Providing support in genome annotation within NBIS the GTF/GFF format is the main format I handle. I receive from customers file in GTF/GFF format coming from a broad range of sources. Even sometimes files from mixed sources (concatenated in the same file), or manually edited. The problem is that often those files do not follow the official specifications or even if they do, they are not even be sure to be compatible we the inputs expected by the tools.
The main idea was first to be able to parse all possible cases that can be met (I listed more than 30 cases). To my knowledge AGAT is the only one able to handle all of them.
The second idea was to be able to create a full standardised GFF3 file that could actually fit in any tool. Once again AGAT is the only one recreating fully the missing information:
missing features (gene, mRNA, tRNA, exon, UTRs, etc...)

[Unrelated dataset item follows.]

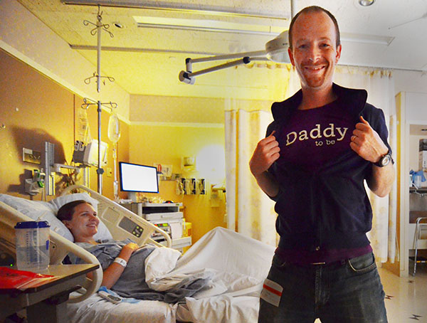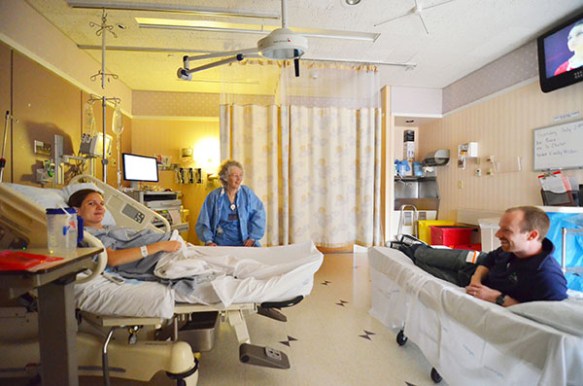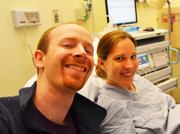 Tommy and Tracy in the triage room between contractions. You can see the EMG behind Tracy.

missing attributes (ID, Parent).
and fixing wrong information:
identifier to be uniq.
feature location (e.g mRNA will be stretched if shorter than its exons).
remove duplicated features.
merge overlapping loci (if option activate because for prokaryote is not something we would like)
The third idea was to have a correct topological sorting output. The parent features must be mentioned before children features.
Finally, based on the abilities described previously I have developed a toolkit to perform different tasks. Some are originals, some are similar than what other tools could offer, but within AGAT they will always have the strength of the 3 first points.